Most senior professionals think they know what they're optimising for — career progression, family, specific projects. When they sit down to write the not-to-do list, they often discover that their actual behaviour suggests a different set of priorities. The list is diagnostic. What you're willing to avoid reveals what you actually prioritise, as distinct from what you'd claim to prioritise.
This is uncomfortable and useful. Over a career, the cumulative effect of the quarterly confrontation is clarity — a closer match between stated priorities and actual time allocation than most peers ever achieve. The gap between what people say they value and what their calendars show is, for many professionals, the entire difference between a coherent career and a drifting one. The not-to-do list closes the gap slowly.
The Buffett Frame, Revisited
Buffett's original advice — circle five, avoid the other twenty — is more radical than most people accept. It suggests that the activities outside your top five are actively damaging to your top five. Not neutral. Damaging.

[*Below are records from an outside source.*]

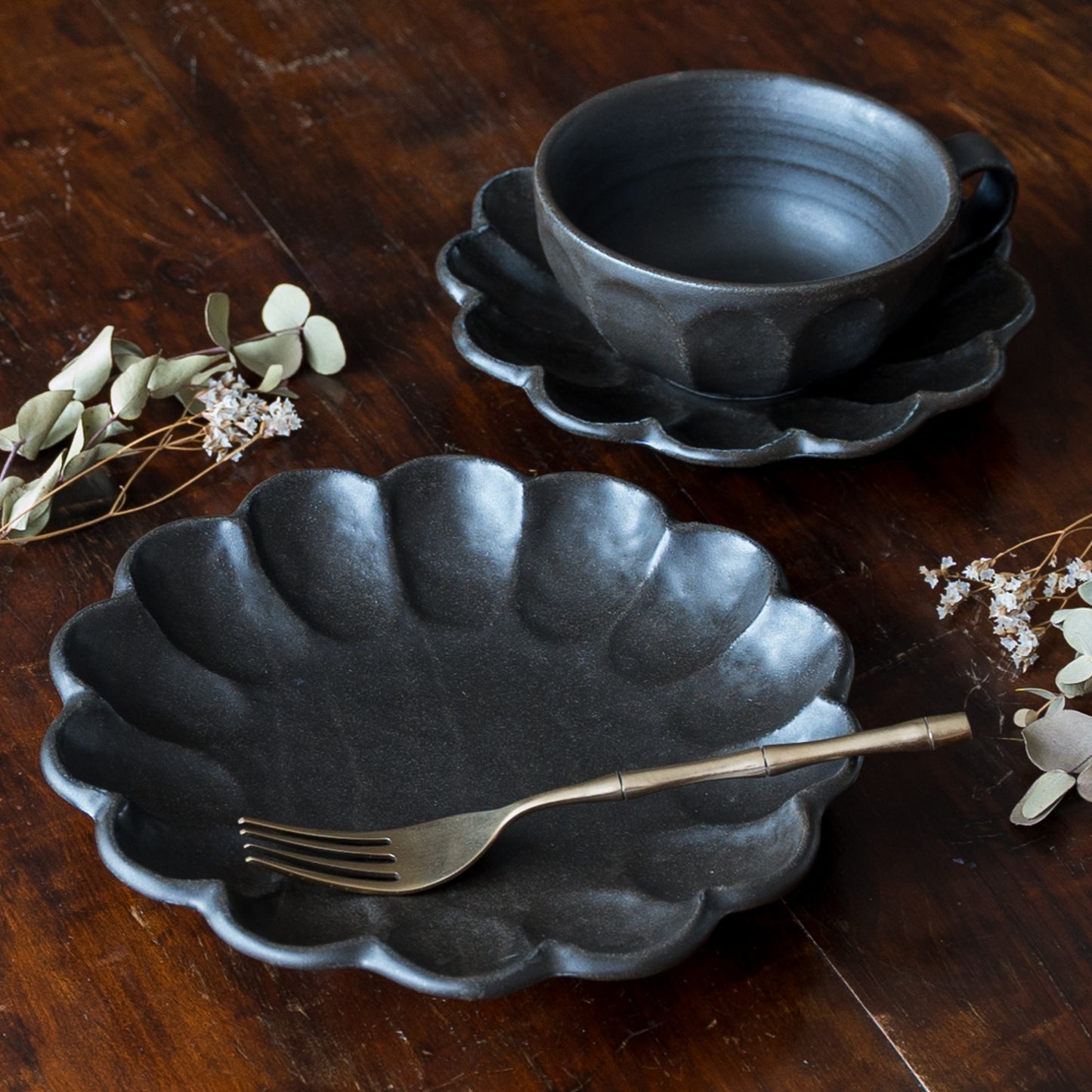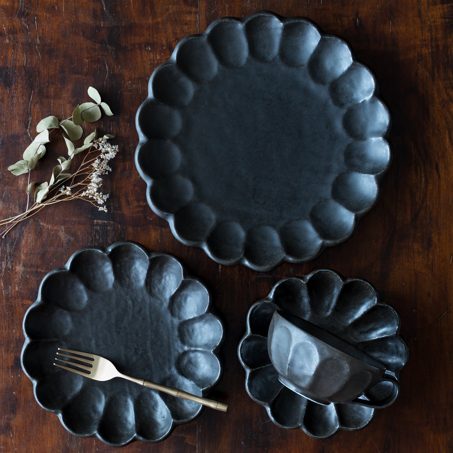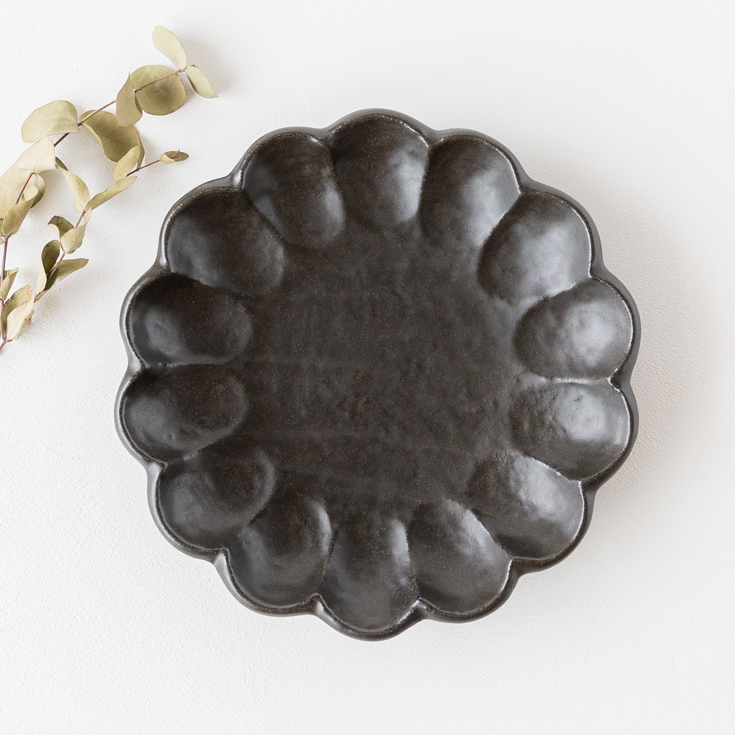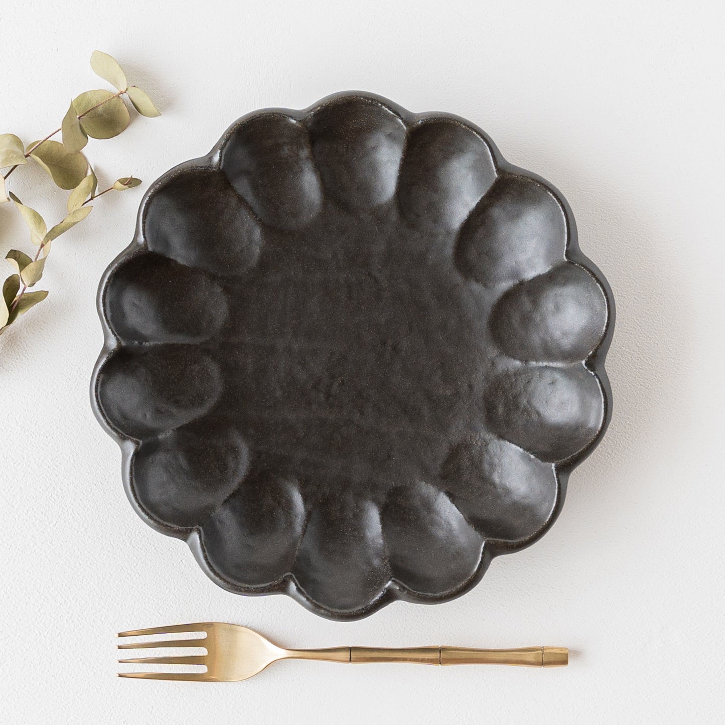 手づくり温もりが感じられる黒練の輪花皿。磁器なのに陶器のような土ものを感じる仕上がりになっています。黒いうつわはお料理や食卓をぐっと引き締めてくれます。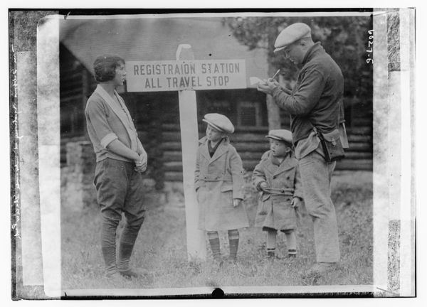 T. Gibbons registering at entrance of Glacier Park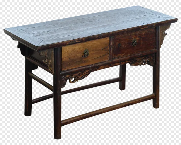 Download a high-quality, transparent PNG image of a beautifully aged antique Chinese console table. Perfect for interior design projects, historical illustrations, or adding a touch of vintage charm to your digital artwork. This free-to-use image features intricate detailing and a rich, dark wood finish. Enhance your designs with this authentic piece of furniture – download now and use it freely!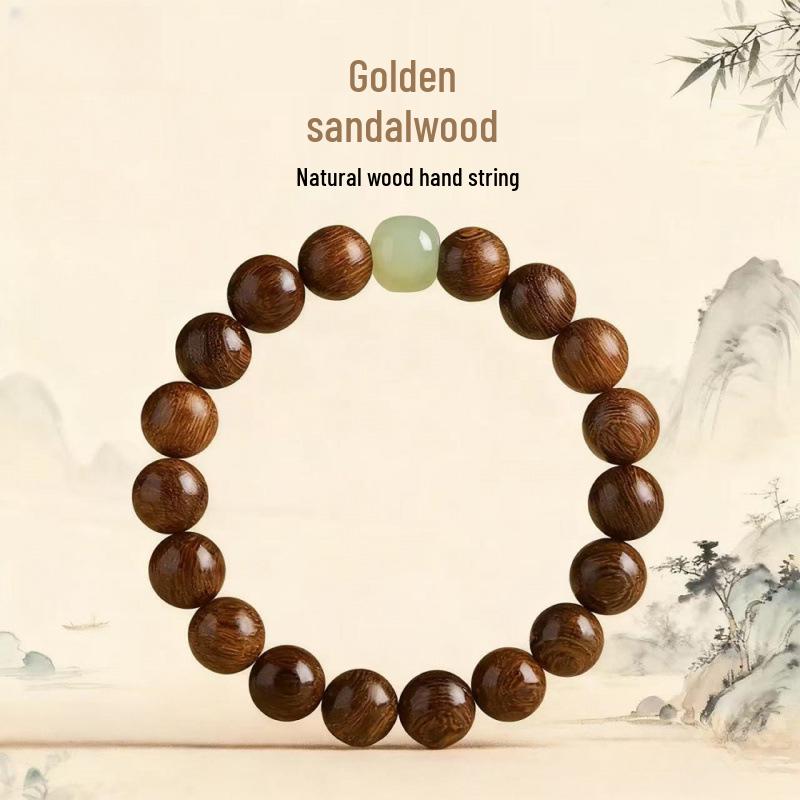 Golden Sandalwood Prayer Beads - Natural Wooden Hand String for Men & Women, Retro Tide Design, Scenic Area Gift.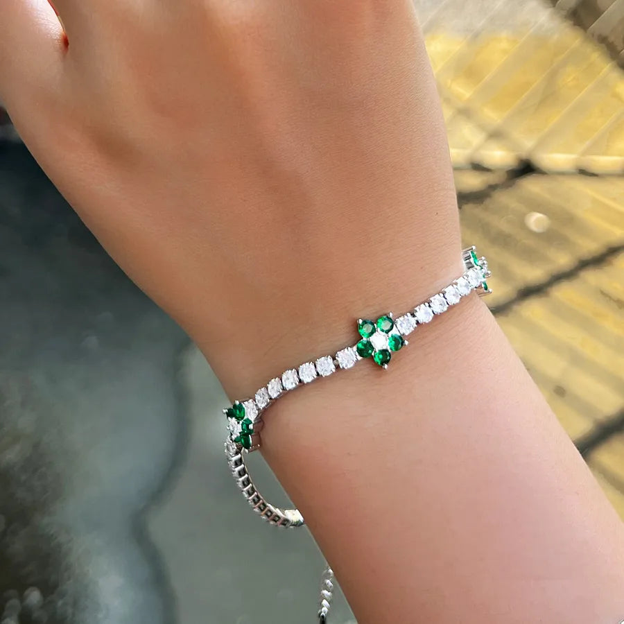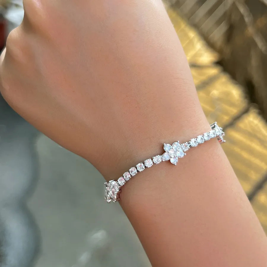 ig style elegant wedding flower copper plating inlay artificial gemstones 14k gold plated rhodium plated tennis bracelet - White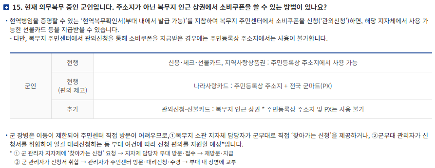 - 복무지 주민센터 ‘관외 신청’으로 복무지 선불카드 수령 → 복무지 상권에서 사용(주소지 사용 불가). PX 사용 특례(나라사랑카드) 병행 안내.
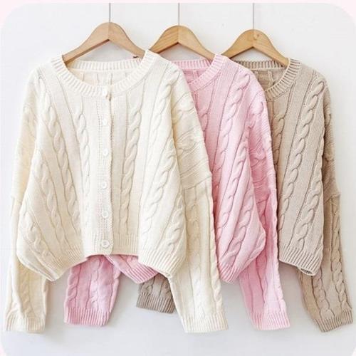 [엄지척]여성 3컬러 루즈핏 가을 겨울 꽈배기 니트 가디건_19874211_667501

This is uncomfortable because we like to believe we can do many things well. Buffett's argument, borne out by his own career of famously narrow focus, is that real excellence requires the elimination of diluting activities, not just the addition of focused ones. You can't build a top-five career while also doing a dozen other things at 60% intensity. The twenty secondary items will steal time, attention, and emotional energy from the five, and the five will suffer.
The implication: the not-to-do list is not a nice-to-have for ambitious people. It's structurally necessary. The person who claims to have "too many priorities to pick just five" is usually a person whose top priorities aren't actually going to be achieved. The ruthlessness of the Buffett exercise is not an aesthetic choice. It's what the math of focus requires.